The girls had a fun afternoon, getting their faces painted by a sweet girl on the trip who was practicing for the carnival on Thursday. Again, seeing joy on their faces was a sweet reminder of “it’s not about me.”
|Rilyn and Ellie|
Dinner was me reflecting how I wanted to “check out” because there was too many people here. There was almost 50 of us in one house because we were with another missions group from Miami. I couldn’t help but think if there was less people, I could get a shower when I wanted, I could get to know people better, I could sit in my own seat in the car without someone on my lap…
Needless to say I didn’t have a great attitude on Sunday, and God, in His grace, allowed Sunday night to be the worst night of sleep. I say “in His grace” because He wanted me to feel the desperation of needing Him. I cried out to Him Sunday night as I was lying on my mattress that felt like a slightly damp sponge. No power, no fans blowing, just dead silence, snoring from others, and the sticky heat pressing against me on all sides. Just when I thought, maybe I could handle this, Rilyn came climbing up to my top bunk crying. “I can’t sleep!!!” It was close to midnight, and when my kids can’t sleep, I feel the desperation. Again, the thoughts of, “Why did I bring them here? To torture them?”

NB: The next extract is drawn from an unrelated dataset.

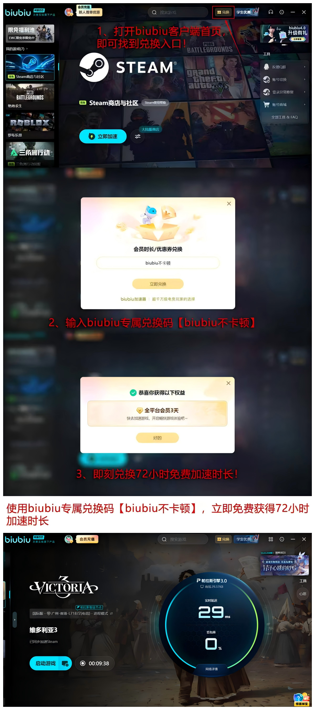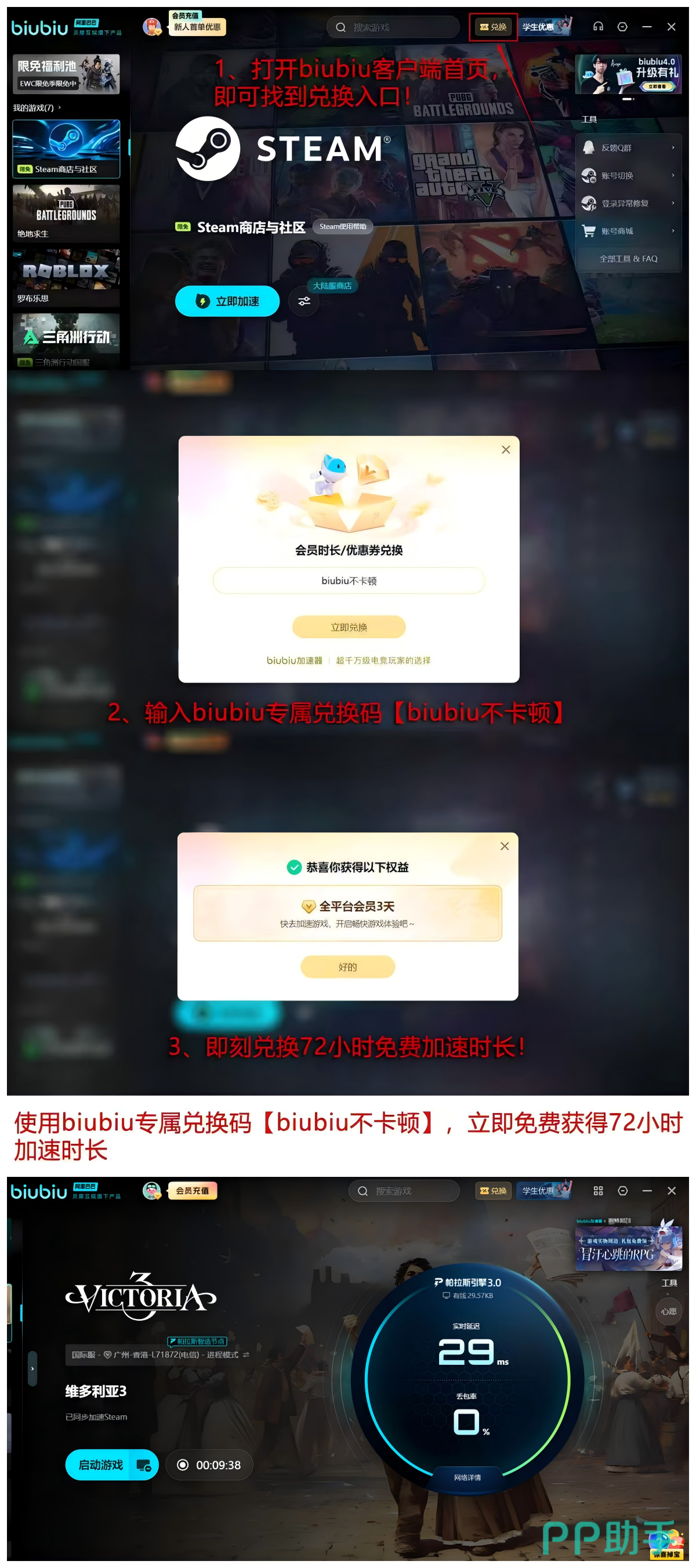 为便于用户体验效果,当前开放限时兑换口令:输入【biubiu不卡顿】可获72小时高级服务权限,新注册用户叠加首赠24小时,总计可用时长达96小时。该周期足以完成游戏本体更新、创意工坊模组筛选部署及多轮性能压力测试。

“I am desperate for You to turn on the power! Please Lord! I just need a breeze, I need sleep! My girls need sleep!” There have been few times in my life that I have ever felt such desperation. Each night I was losing more and more sleep, and I knew I couldn’t keep on like this. We hadn’t even started summer school yet at the Makarios school! 3 days here felt like I had been here 10.
God answered me with a cool breeze, and then a burst of fans flickering on one by one. It was nearly 1 a.m., the power and His Power were surrounding me, and in His grace He granted me deep sleep. I woke up on Monday remembering my Sunday, my tough Sunday. Desperate. And the Lord asked me, “What are you desperate for at home?” “Me?” “Your kids? Your husband? Your alone time to spend on hobbies? Your kids to have a great school?”
There are so many distractions in America that lead me to think I can control any situation. ”I don’t really need God” is what my heart says when I take control. In the DR, I needed God to turn the power on. I couldn’t call the electric company, set up an appointment, and have them fix the situation. Being back in America, I can easily put myself in situations where I don’t need to feel desperate for Him, and I’m left to ponder how I can be desperate for Him, fight for the longing of Him. I don’t want to do anything on my own strength!
What comes to my mind right now is putting my kids in public school. Has the Lord blessed us every step of the way thus far having been there for 4 years now? Yes! Thank you Jesus! Does that mean this year will look like the last ones? No. My prayer is that I feel desperate for Him this school year with all three of mine at Manor Elementary. Now THAT is a scary thing to pray!
1As a deer pants for flowing streams,
so pants my soul for you, O God.
2 My soul thirsts for God,
for the living God.
When shall I come and appear before God?